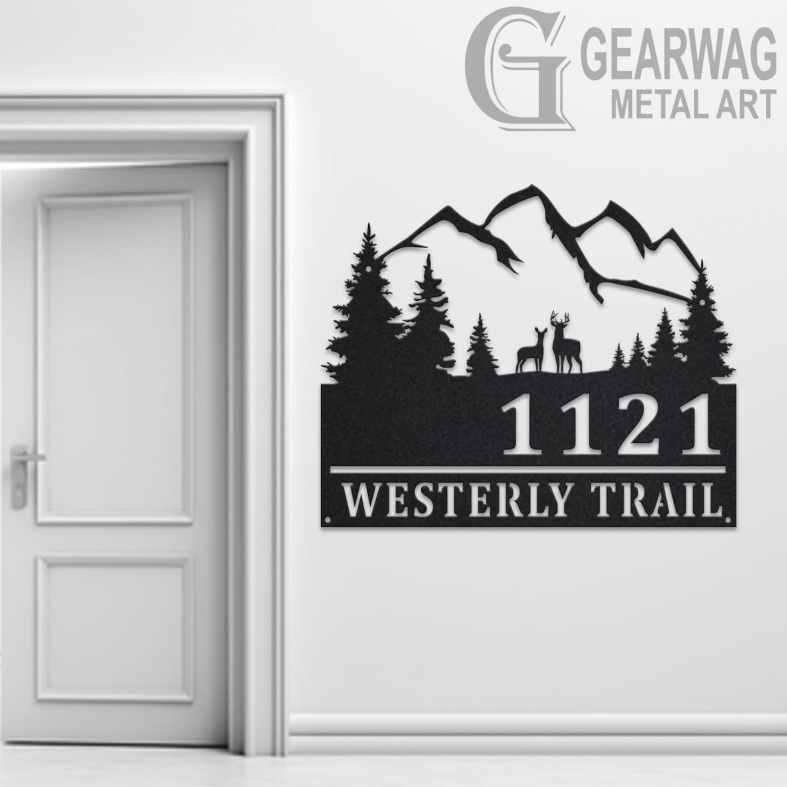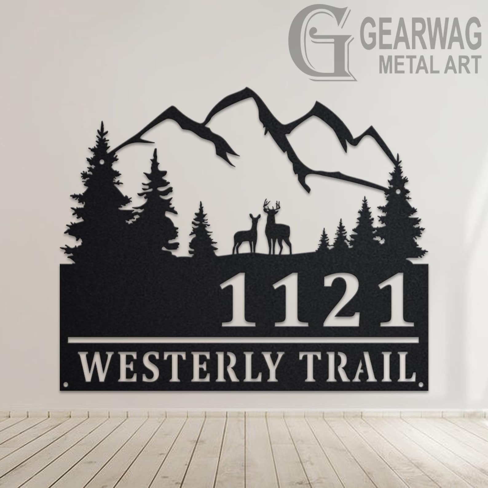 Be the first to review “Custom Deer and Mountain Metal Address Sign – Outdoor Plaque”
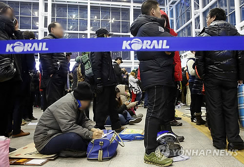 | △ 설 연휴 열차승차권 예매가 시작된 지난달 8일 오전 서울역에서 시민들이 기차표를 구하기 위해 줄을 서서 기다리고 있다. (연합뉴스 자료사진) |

...

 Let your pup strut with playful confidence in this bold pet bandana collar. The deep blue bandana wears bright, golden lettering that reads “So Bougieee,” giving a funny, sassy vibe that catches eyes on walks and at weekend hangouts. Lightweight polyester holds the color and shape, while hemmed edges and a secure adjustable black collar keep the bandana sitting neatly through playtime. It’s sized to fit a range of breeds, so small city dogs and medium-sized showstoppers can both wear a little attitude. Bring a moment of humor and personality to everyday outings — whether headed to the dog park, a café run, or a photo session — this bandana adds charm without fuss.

* * *

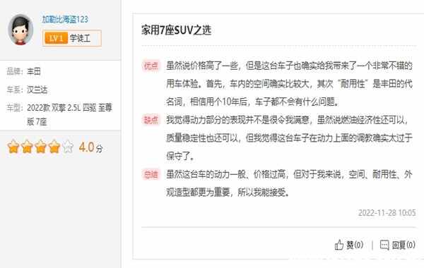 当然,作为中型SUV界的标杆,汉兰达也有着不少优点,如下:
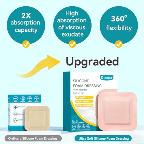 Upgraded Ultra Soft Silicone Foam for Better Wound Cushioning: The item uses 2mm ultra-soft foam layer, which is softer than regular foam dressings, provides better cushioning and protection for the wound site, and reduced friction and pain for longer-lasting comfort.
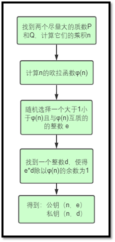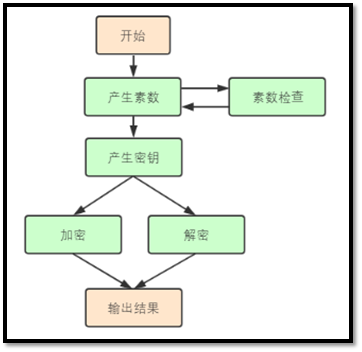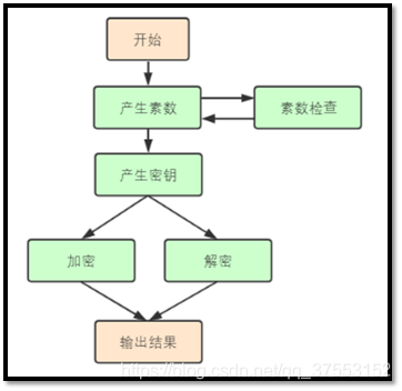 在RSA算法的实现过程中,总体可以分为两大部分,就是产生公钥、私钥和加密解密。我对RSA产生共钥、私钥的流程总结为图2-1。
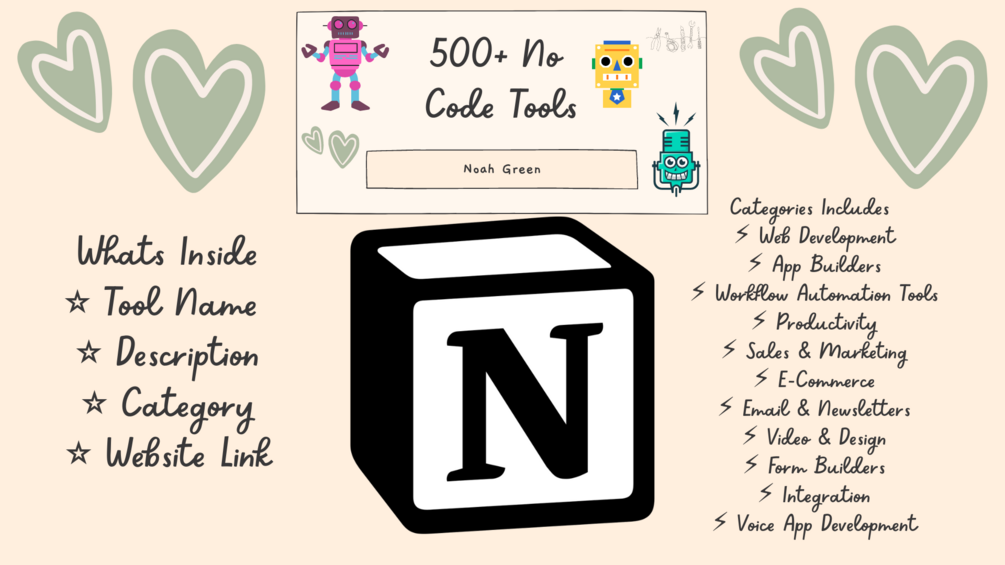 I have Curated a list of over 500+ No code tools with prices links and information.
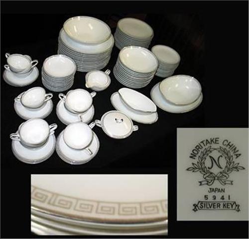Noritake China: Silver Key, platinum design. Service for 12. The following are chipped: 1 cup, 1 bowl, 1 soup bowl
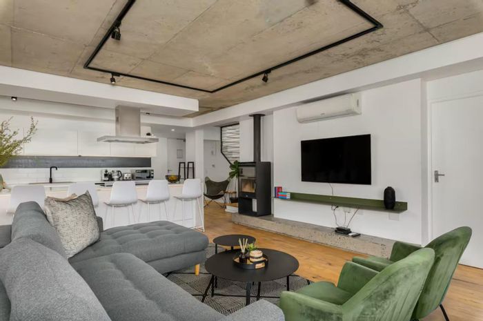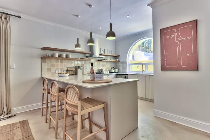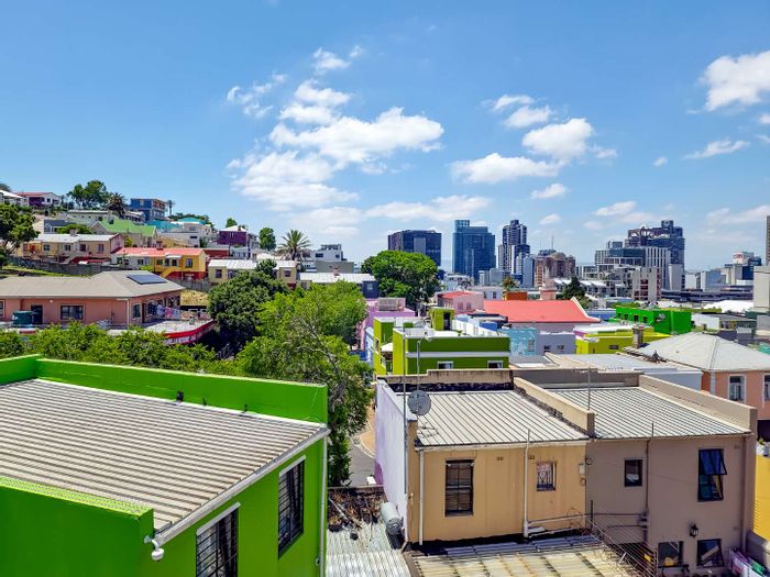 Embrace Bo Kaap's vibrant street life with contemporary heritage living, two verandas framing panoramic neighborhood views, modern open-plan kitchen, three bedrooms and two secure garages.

Exercise instructions
Output exactly those lines of the data above that run from the line with "在RSA算法的实现过程中,总" up to and including the line with "Embrace Bo Kaap's". No pictures go in.

Your solution
 在RSA算法的实现过程中,总体可以分为两大部分,就是产生公钥、私钥和加密解密。我对RSA产生共钥、私钥的流程总结为图2-1。
 I have Curated a list of over 500+ No code tools with prices links and information.
Noritake China: Silver Key, platinum design. Service for 12. The following are chipped: 1 cup, 1 bowl, 1 soup bowl
 Embrace Bo Kaap's vibrant street life with contemporary heritage living, two verandas framing panoramic neighborhood views, modern open-plan kitchen, three bedrooms and two secure garages.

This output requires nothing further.